There are several limitations associated with this modeling approach. First, the baseline model assumptions, including sensitivity and specificity, rely on the temporal applicability of the baseline model. That is, data drift and, relatedly, adjudication drift, can be problematic sources that affect the usefulness of the baseline model, along with any assumptions drawn9. Second, the binary outcome prevalence assumption faces a similar challenge. The underlying patient population in which the ICMs are prescribed can potentially change over time, changing the prevalence of the binary outcome of interest. Last, the distributional assumptions for bootstrapping the confidence intervals may require closer examination depending on the application. A key driver of variability is the uncertainty around the prevalence of positive outcomes. With a prevalence of 0.615, we assumed a beta distribution with rate parameters 100, and 62.6, resulting in 99% of the values falling between 0.54 and 0.710. This spread of potential prevalence values is very realistic for our application but may need to be loosened or tightened for other applications.

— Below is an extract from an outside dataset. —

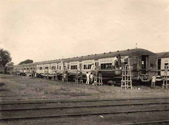 Painting the new electric coaching stock in the carriage shops at Parel during December 1927.

A secondary use case for this approach is during active learning, where the most difficult cases can be identified and examined more closely10. Beyond active learning, there is also a practical perspective, where it is important to only label data the minimum amount of data necessary to accomplish the task at hand. Extended periods of performing repetitive tasks, including manual adjudications, can result in fatigue and a decrease in the quality of labels11. To ensure the highest quality of labeling, adjudicators should focus on the most challenging cases for shorter durations. However, it is difficult to determine the challenging cases a priori, though it is possible for such cases to arise after many hours of adjudication, increasing the likelihood of errors for these edge cases. This is a very important concept, because in many situations, the difficult edge cases have the highest value in distinguishing between two high-performing models. Therefore, the discordant pair analysis can be used as part of a strategy to maximize adjudicators’ time by focusing efforts on the challenging cases, resulting in reduced time and effort needed to evaluate a model and produce better performance results.

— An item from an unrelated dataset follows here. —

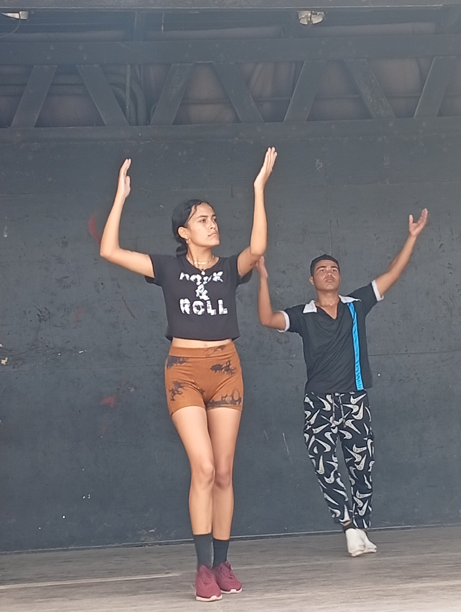 Two individuals are captured in a photograph in what appears to be Playa El Agua, Venezuela. The foreground is filled by a light-colored wooden surface, perhaps a stage or platform. Behind this, a dar…read more

Finally, an important extension of this approach is to the case where there are multiple cases per patient. We ignored multiple cases per patient purely for illustrative purposes, but it is important to properly adjust estimates, especially around the construction of confidence intervals. Thus, future work will adapt generalized estimating equations12 or generalized linear mixed effects models13 to constructing confidence intervals.